__RECORDS PROVIDED__

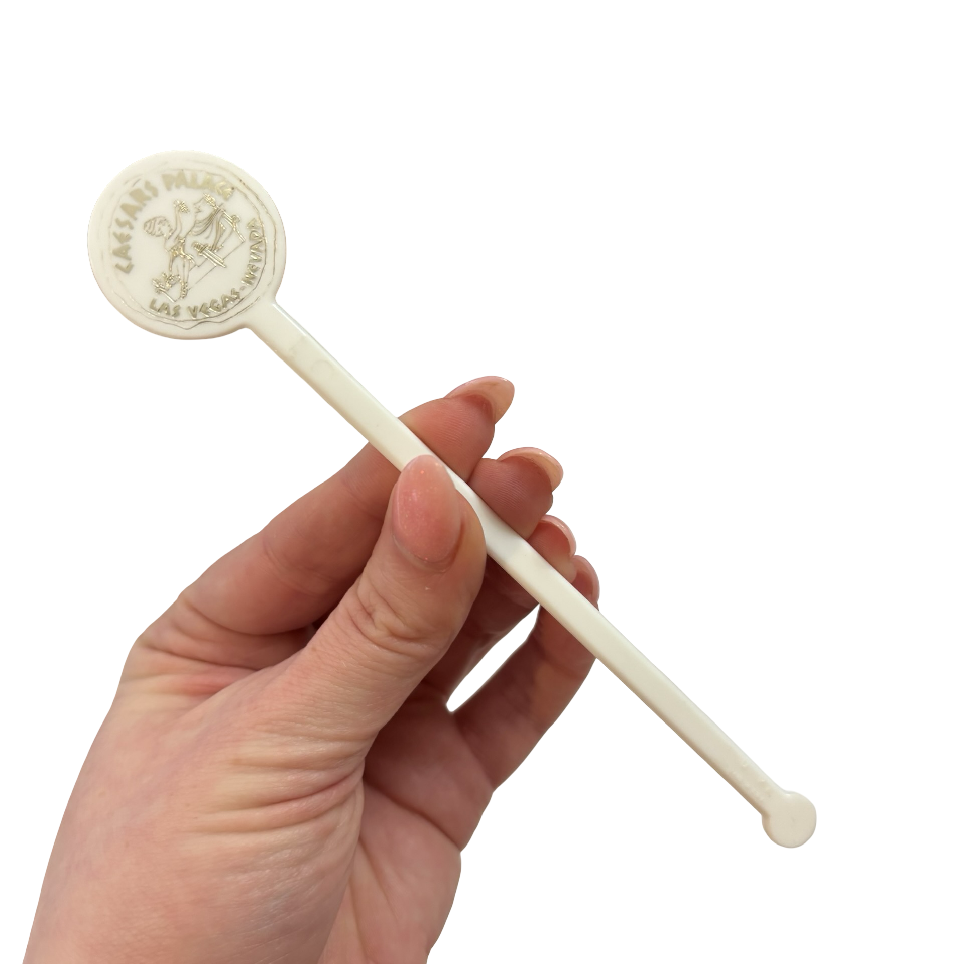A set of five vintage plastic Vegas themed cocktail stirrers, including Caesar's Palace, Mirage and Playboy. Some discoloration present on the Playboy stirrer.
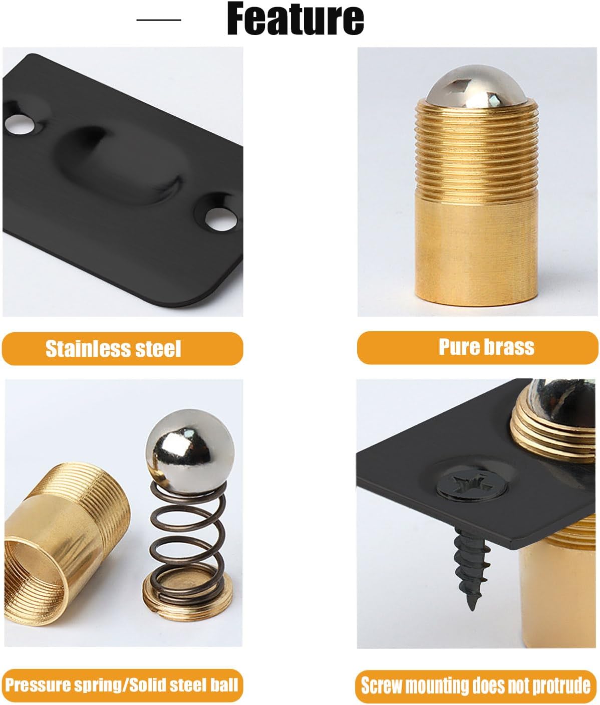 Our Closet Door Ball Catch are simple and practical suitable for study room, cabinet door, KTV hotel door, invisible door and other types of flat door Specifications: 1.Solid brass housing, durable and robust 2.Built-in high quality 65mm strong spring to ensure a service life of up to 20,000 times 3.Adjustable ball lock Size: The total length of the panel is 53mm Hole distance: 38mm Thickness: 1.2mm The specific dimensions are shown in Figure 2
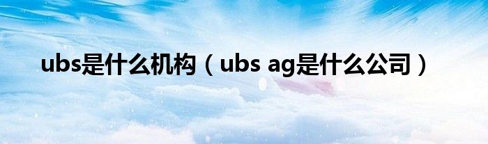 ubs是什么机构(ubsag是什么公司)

* * *

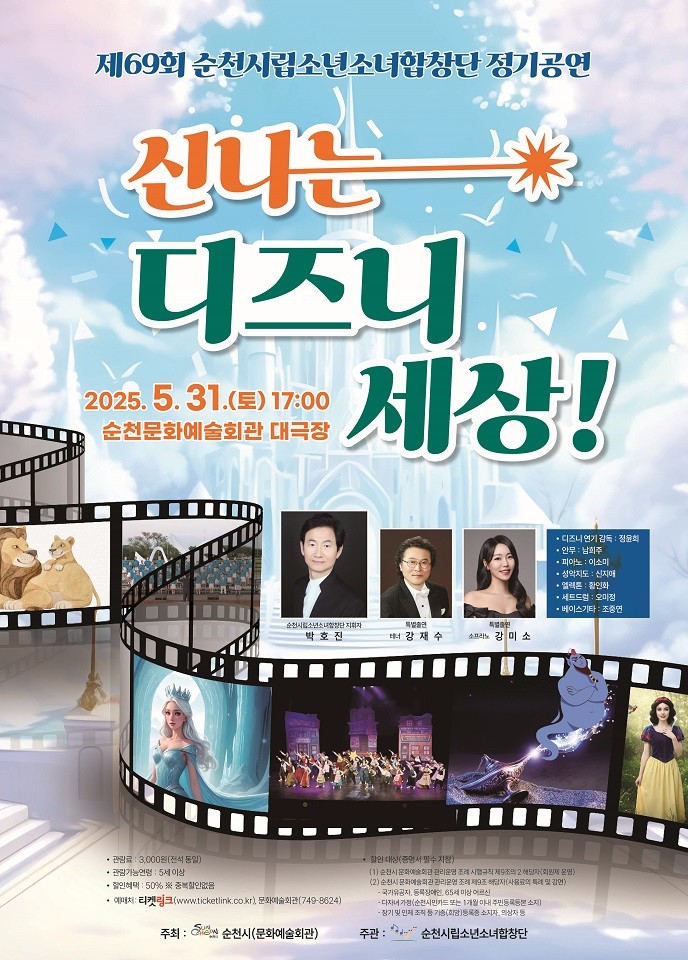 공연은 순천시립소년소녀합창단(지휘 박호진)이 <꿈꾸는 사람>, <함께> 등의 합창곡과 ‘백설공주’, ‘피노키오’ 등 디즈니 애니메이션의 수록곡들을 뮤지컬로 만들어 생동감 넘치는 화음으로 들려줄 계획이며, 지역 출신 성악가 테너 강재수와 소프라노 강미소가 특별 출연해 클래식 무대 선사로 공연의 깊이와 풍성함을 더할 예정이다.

__EXERCISE GOAL__
Restate the lines above from the one containing "A set of five" through the one containing "ubs是什么机构(ubsag是什么公司)", inclusive, exactly and without pictures.

__RESULT OF THE TASK__
A set of five vintage plastic Vegas themed cocktail stirrers, including Caesar's Palace, Mirage and Playboy. Some discoloration present on the Playboy stirrer.
 Our Closet Door Ball Catch are simple and practical suitable for study room, cabinet door, KTV hotel door, invisible door and other types of flat door Specifications: 1.Solid brass housing, durable and robust 2.Built-in high quality 65mm strong spring to ensure a service life of up to 20,000 times 3.Adjustable ball lock Size: The total length of the panel is 53mm Hole distance: 38mm Thickness: 1.2mm The specific dimensions are shown in Figure 2
 ubs是什么机构(ubsag是什么公司)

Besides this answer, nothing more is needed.